### Task objective
Reproduce, exactly and in full, the lines from the one with "Little Freddie小皮 黑莓椰子草莓香蕉苹果泥(新)" through the one with "1 cartolina postale" in the data below; drop pictures.

### Supplied records
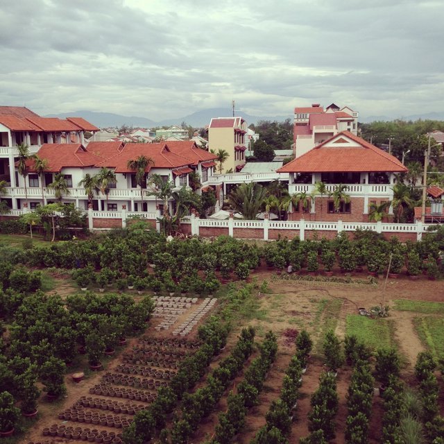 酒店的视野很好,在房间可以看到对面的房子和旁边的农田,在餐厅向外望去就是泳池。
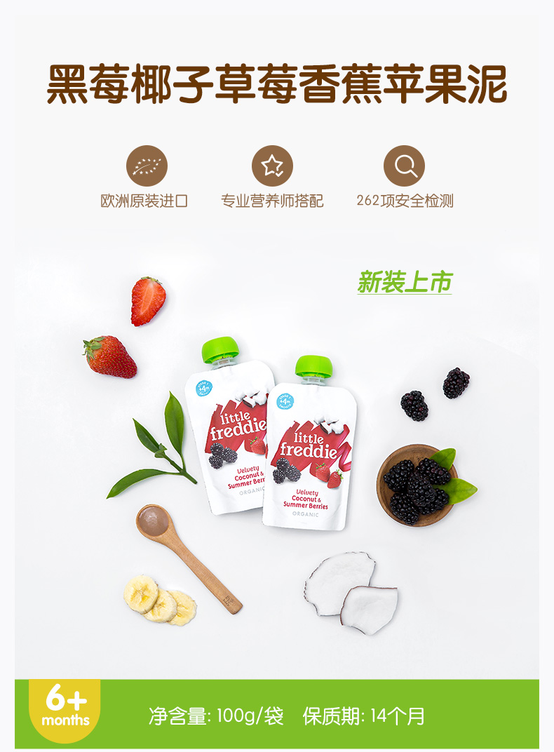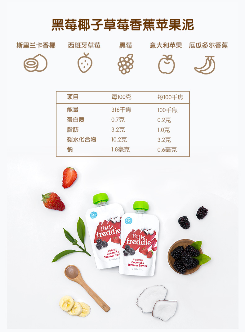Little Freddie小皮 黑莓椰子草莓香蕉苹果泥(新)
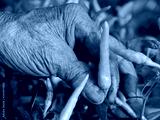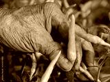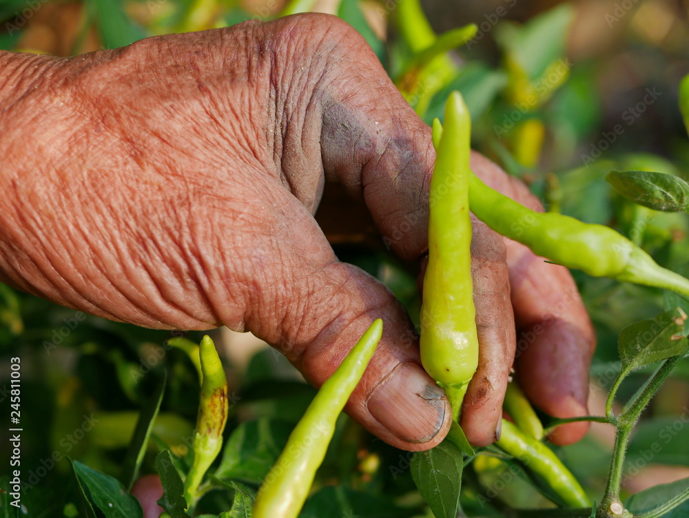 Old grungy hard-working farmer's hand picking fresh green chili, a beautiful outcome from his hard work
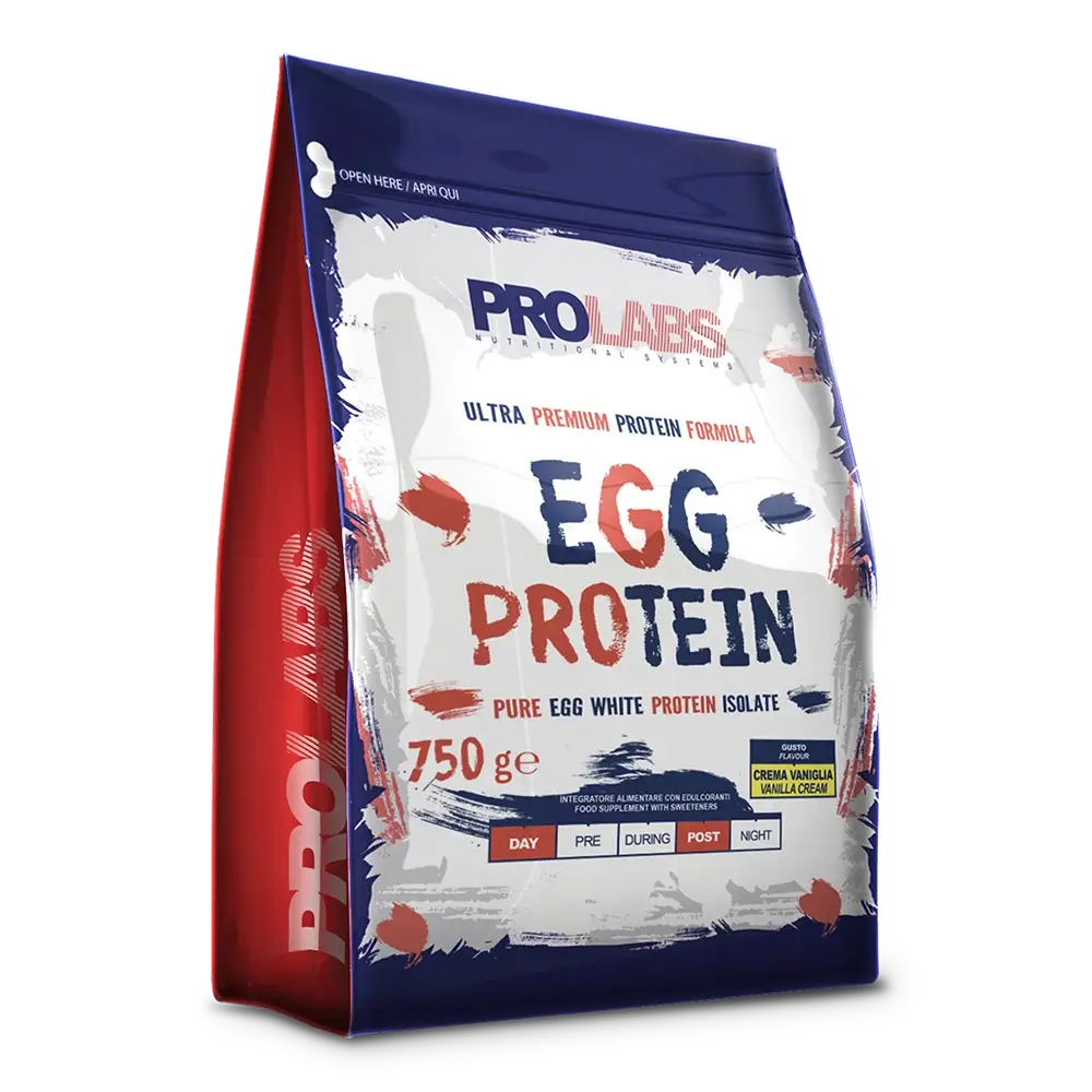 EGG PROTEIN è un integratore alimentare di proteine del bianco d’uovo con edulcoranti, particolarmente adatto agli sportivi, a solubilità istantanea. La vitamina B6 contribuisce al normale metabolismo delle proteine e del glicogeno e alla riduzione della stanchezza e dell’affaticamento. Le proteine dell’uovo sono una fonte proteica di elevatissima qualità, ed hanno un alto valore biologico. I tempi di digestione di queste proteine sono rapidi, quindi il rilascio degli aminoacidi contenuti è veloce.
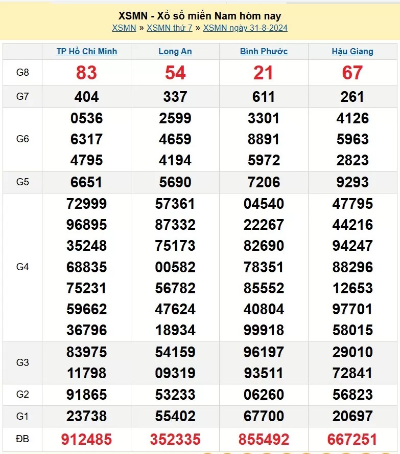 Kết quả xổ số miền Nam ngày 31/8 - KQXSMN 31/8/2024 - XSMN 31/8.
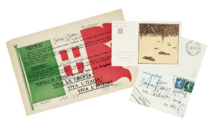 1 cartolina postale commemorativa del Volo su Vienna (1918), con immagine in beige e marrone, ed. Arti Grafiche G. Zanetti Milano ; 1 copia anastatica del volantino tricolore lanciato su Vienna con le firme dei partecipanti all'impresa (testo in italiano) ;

==

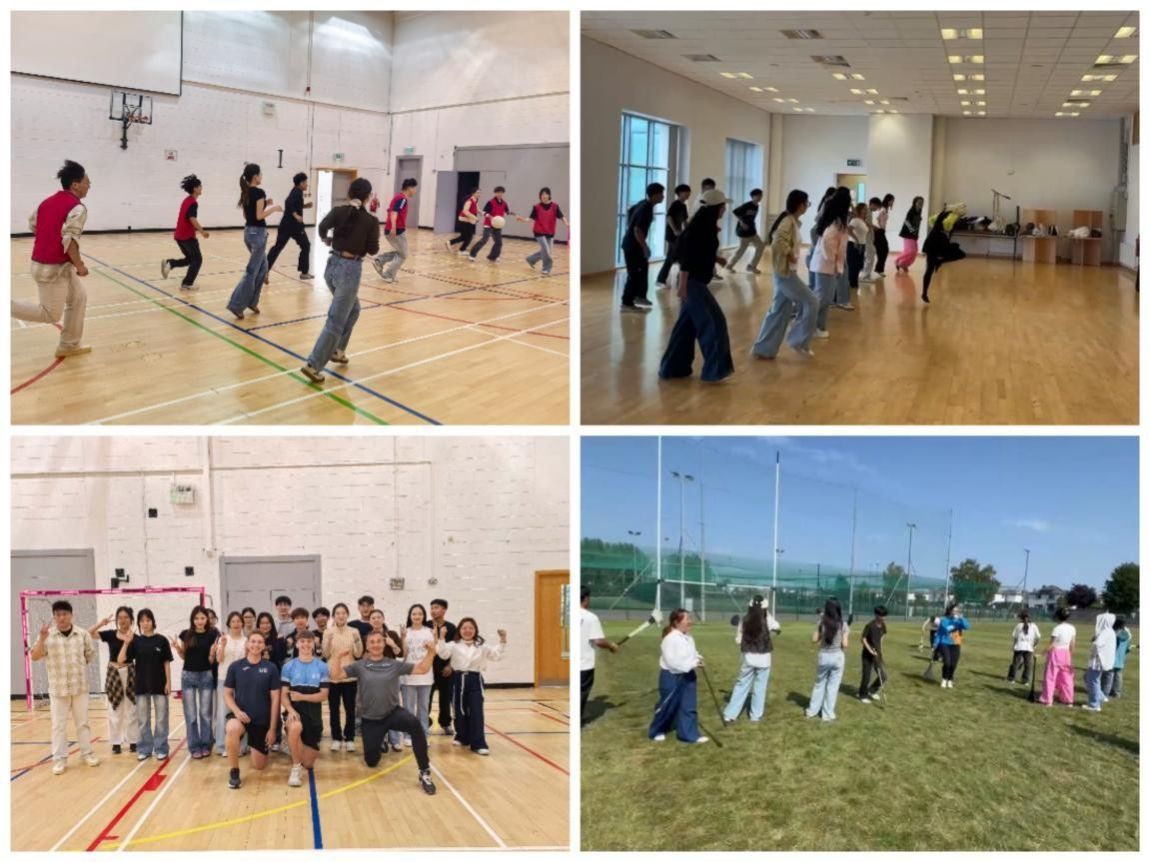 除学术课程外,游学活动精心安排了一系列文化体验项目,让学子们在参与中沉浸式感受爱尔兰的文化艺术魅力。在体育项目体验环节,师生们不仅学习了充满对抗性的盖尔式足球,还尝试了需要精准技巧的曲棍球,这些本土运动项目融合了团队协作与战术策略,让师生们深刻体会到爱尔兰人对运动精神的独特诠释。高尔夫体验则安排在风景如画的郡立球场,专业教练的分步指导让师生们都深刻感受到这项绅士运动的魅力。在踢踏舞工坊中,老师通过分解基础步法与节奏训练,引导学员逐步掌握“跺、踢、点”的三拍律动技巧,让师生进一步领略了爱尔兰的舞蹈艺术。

### Result for this exercise
Little Freddie小皮 黑莓椰子草莓香蕉苹果泥(新)
 Old grungy hard-working farmer's hand picking fresh green chili, a beautiful outcome from his hard work
 EGG PROTEIN è un integratore alimentare di proteine del bianco d’uovo con edulcoranti, particolarmente adatto agli sportivi, a solubilità istantanea. La vitamina B6 contribuisce al normale metabolismo delle proteine e del glicogeno e alla riduzione della stanchezza e dell’affaticamento. Le proteine dell’uovo sono una fonte proteica di elevatissima qualità, ed hanno un alto valore biologico. I tempi di digestione di queste proteine sono rapidi, quindi il rilascio degli aminoacidi contenuti è veloce.
 Kết quả xổ số miền Nam ngày 31/8 - KQXSMN 31/8/2024 - XSMN 31/8.
 1 cartolina postale commemorativa del Volo su Vienna (1918), con immagine in beige e marrone, ed. Arti Grafiche G. Zanetti Milano ; 1 copia anastatica del volantino tricolore lanciato su Vienna con le firme dei partecipanti all'impresa (testo in italiano) ;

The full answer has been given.